Your goal | Would you print, word for word, only the lines running from the line with "There is a conservatory, which" to the last line of the entries, without the pictures?

____________

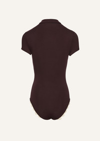 Lace-detail polo bodysuit in brown
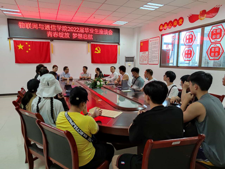 为进一步做好毕业生关怀服务工作,引导2022届毕业生与学院同呼吸、共命运,积极为学院发展建言献策,6月18日上午,物联网与通信学院2022届毕业生座谈会在图书馆A202会议室举行。学校校长曹继建、校务部部长赵晓波、校务部副部长李瑞、学院院长尹明锂出席了座谈会,学院办公室主任刘红林、团总支书记刘冬琴以及在校学生、扩招学生共计20余名毕业生代表参加。座谈会由学院党支部书记侯周兰主持。
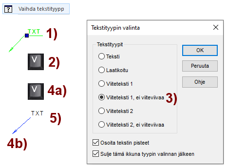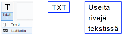 Toiminto: Teksti tai laatikoitu teksti tai jokin viiteviivallinen teksti.
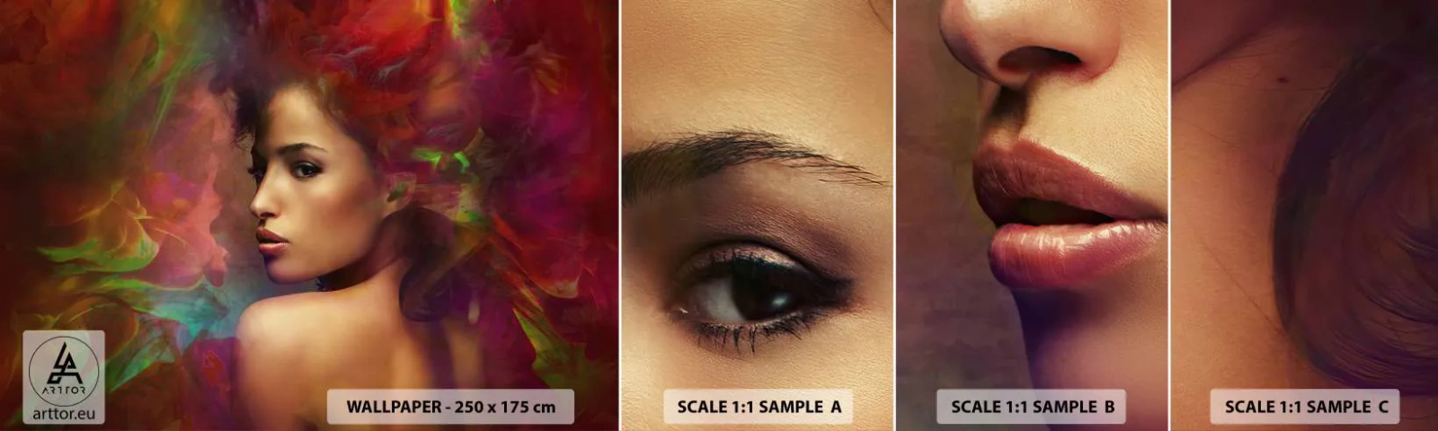 Hohe Grammatur 290g/m2 zusammen mit einer fühlbaren Struktur Leinwand auf der Oberfläche der Tapete macht das Produkt zu einer exklusiven und designorientierten Lösung für jeden, der auf der Suche nach einzigartigen Innenraumdekorationen ist. Der Vorteil des außergewöhnlichen Materials in dicker Ausführung ist auch eine hervorragende Abdeckung, die gleichzeitig die Montage erheblich erleichtert. Struktur Fototapete PREMIUM CANVAS vermittelt den Eindruck eines Drucks auf dickem Leinwand.
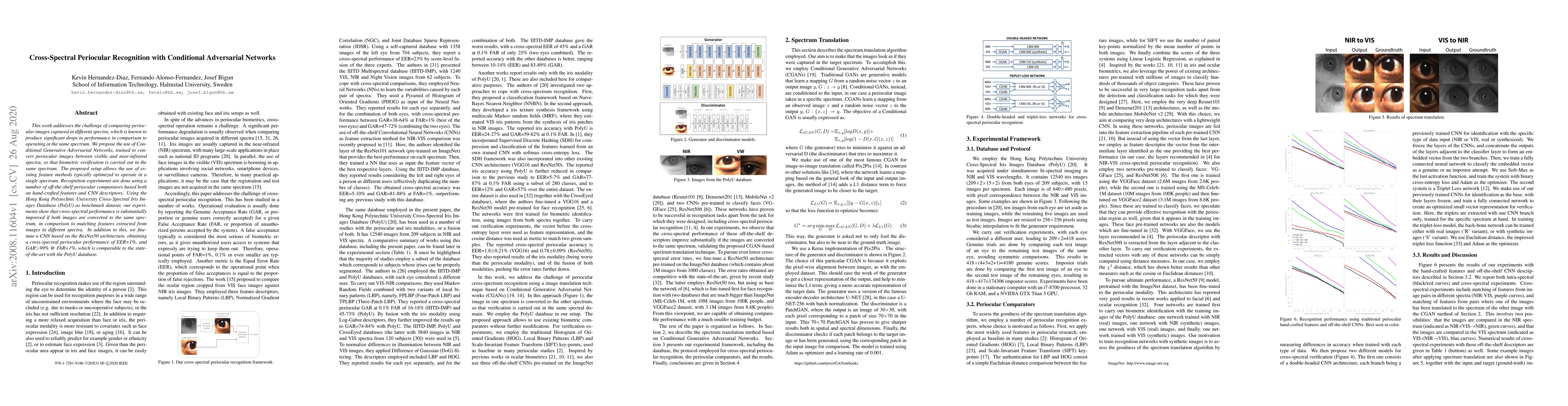 This research proposes a method using Conditional Generative Adversarial Networks to convert periocular images between visible and near-infrared spectra, enhancing cross-spectral recognition performance. The approach allows existing feature methods to operate effectively across different spectra, achieving state-of-the-art results with an Equal Error Rate (EER) of 1% and a Genuine Acceptance Rate (GAR) of over 99% at a False Acceptance Rate (FAR) of 1%.
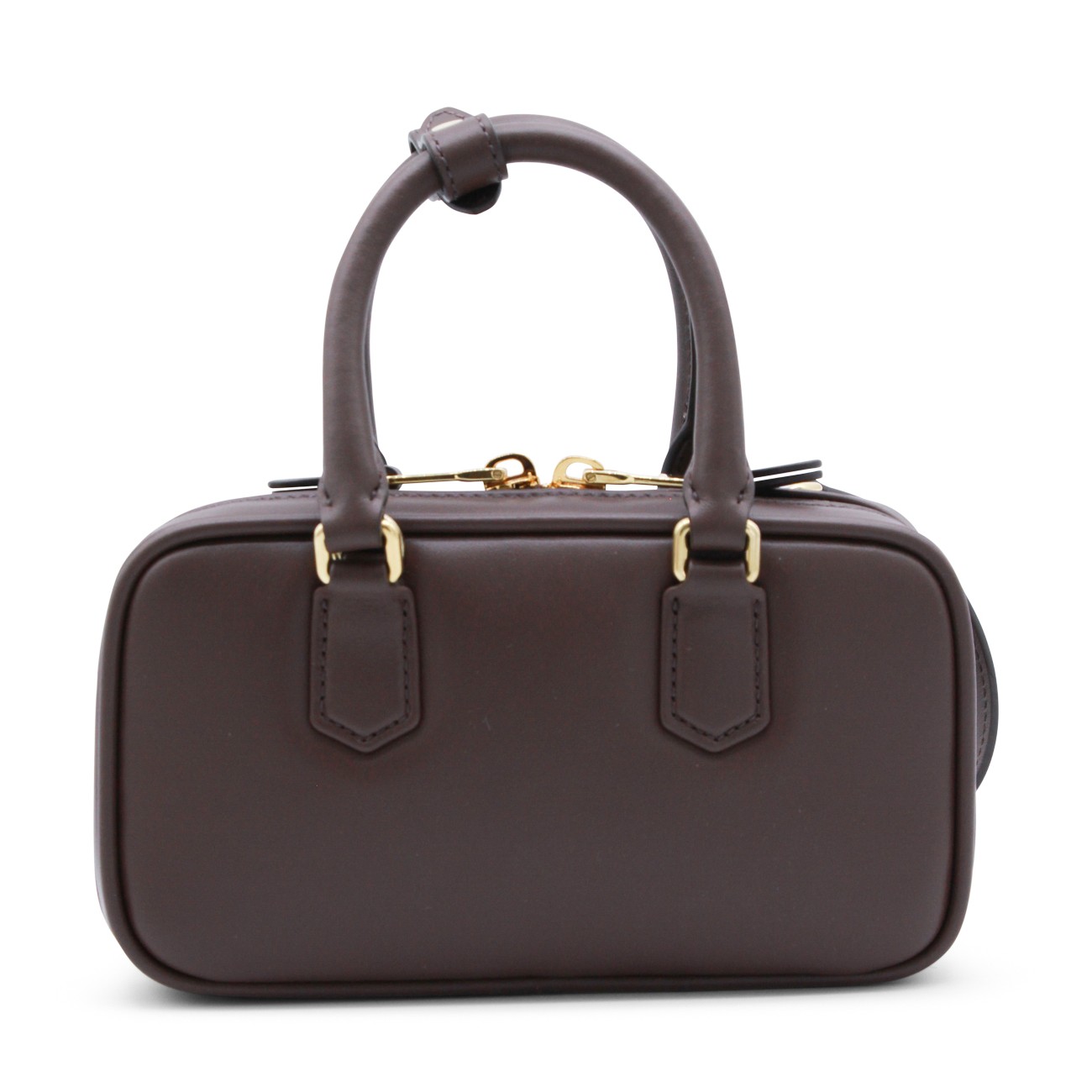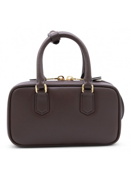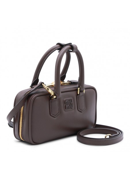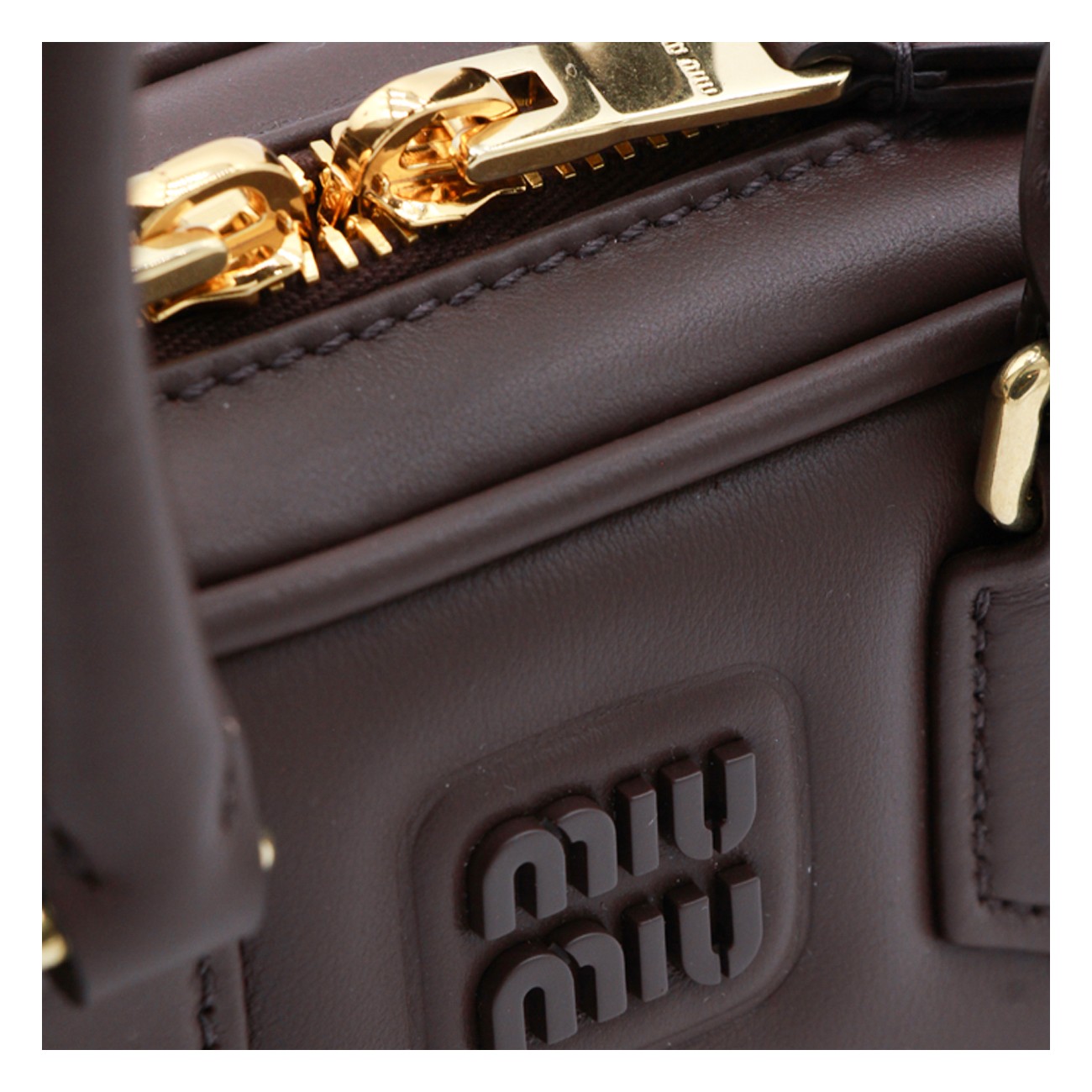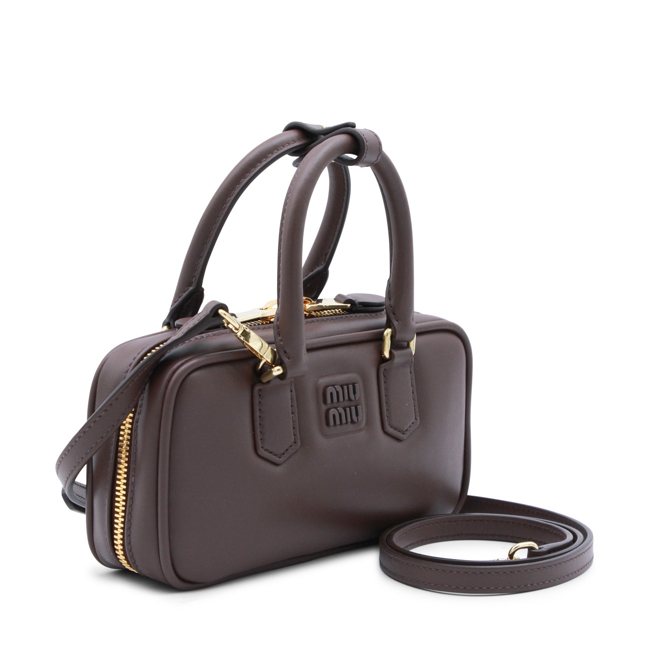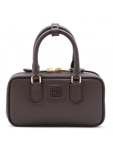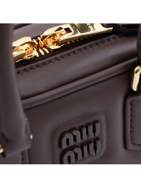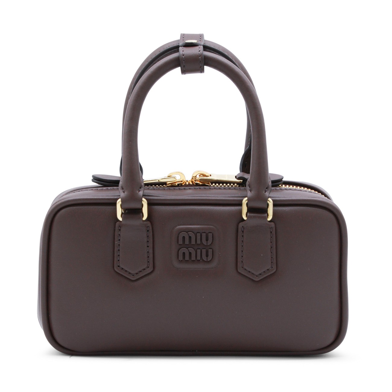 Dark brown leather top handle bag from Miu Miu featuring top handles, zip fastening, main compartment, internal zip pocket, golden hardware and frontal logo detail.
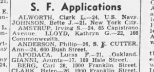 By June 1942, Lucas is living in CA and marriage application was filed - his financee, soon to be wife, Asunta Gianni, was 17 years old and lived at 189 Hale St, San Francisco, Ca. (see newspaper article)
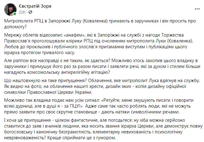 Заступник голови управління зовнішніх церковних зв’язків Православної церкви України Євстратій Зоря відповів на ці дії РПЦ. Зоря жартівливо припустив, що «Луку тримають в заручниках».
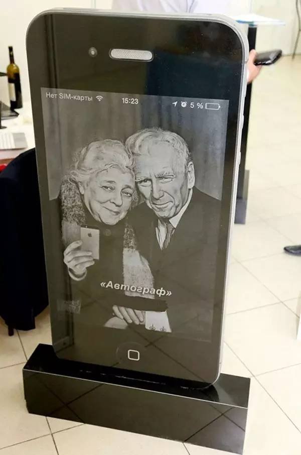 据介绍,这款别出心裁的墓碑采用乌克兰玄武岩为材料,表面被打磨得光滑无比,看起来真的具有iPhone玻璃屏幕的光泽,其T.A模仿手机花纹的部分则都是用激光雕刻而成的。另外,墓碑上""iPhone""的屏幕部分还可以用来放置照片和碑文,相当有创意。
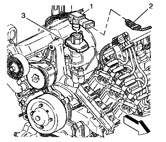 2. Position and install the MAP sensor (1) to the PCV valve cover (3). Ensure that the locking tabs engage to hold the MAP sensor to the PCV valve cover.
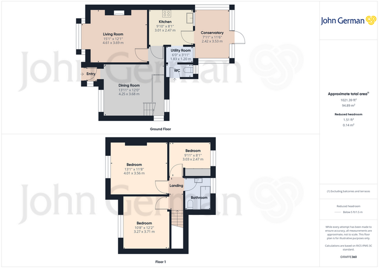 There is a conservatory, which has an electric heater and windows in wooden frames and door opening onto rear garden.
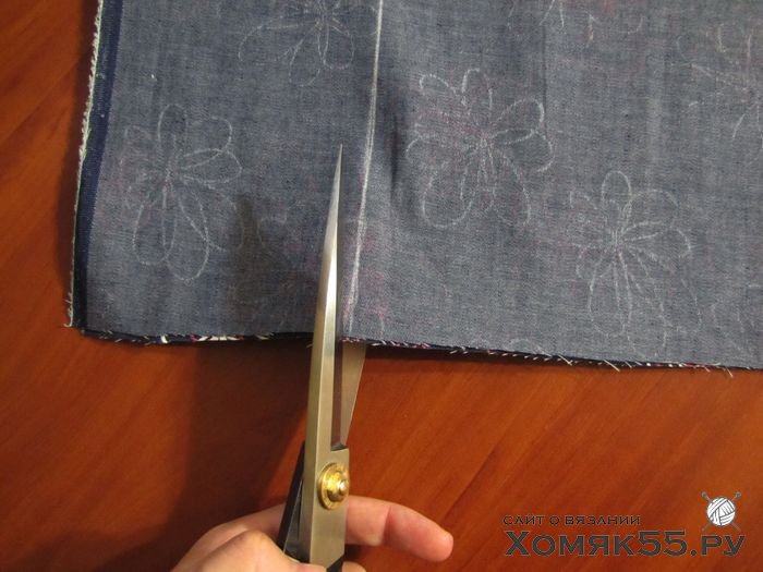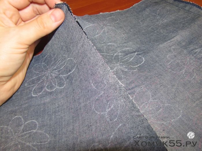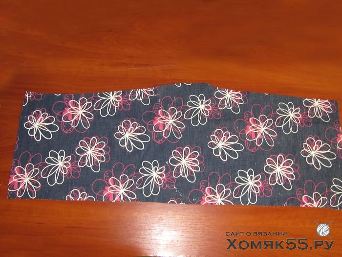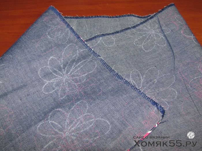 Прежде всего сложим ткань пополам, а затем вдоль пополам (изнанкой вверх).
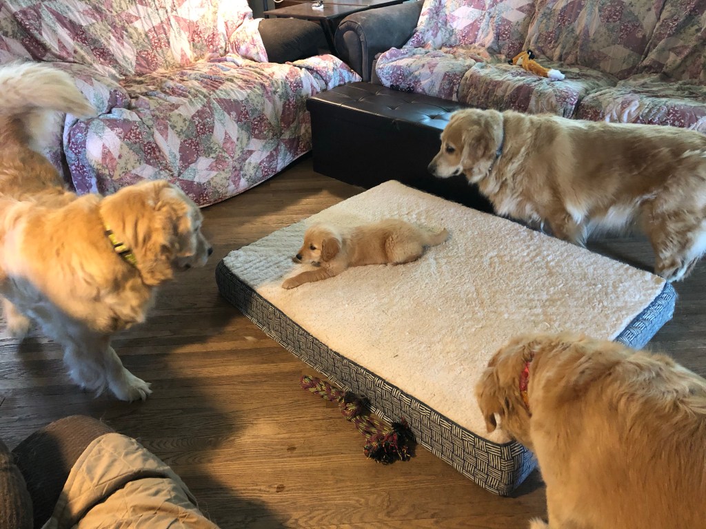 1. That first picture in a winner. Little Bea steals the bed with 3 adult Golden’s standing around looking at her. Yes, sweetheart, you really do think you are bigger than you are, and so far it’s working. XOX Amy

____________

Problem solution |
 There is a conservatory, which has an electric heater and windows in wooden frames and door opening onto rear garden.
 Прежде всего сложим ткань пополам, а затем вдоль пополам (изнанкой вверх).
 1. That first picture in a winner. Little Bea steals the bed with 3 adult Golden’s standing around looking at her. Yes, sweetheart, you really do think you are bigger than you are, and so far it’s working. XOX Amy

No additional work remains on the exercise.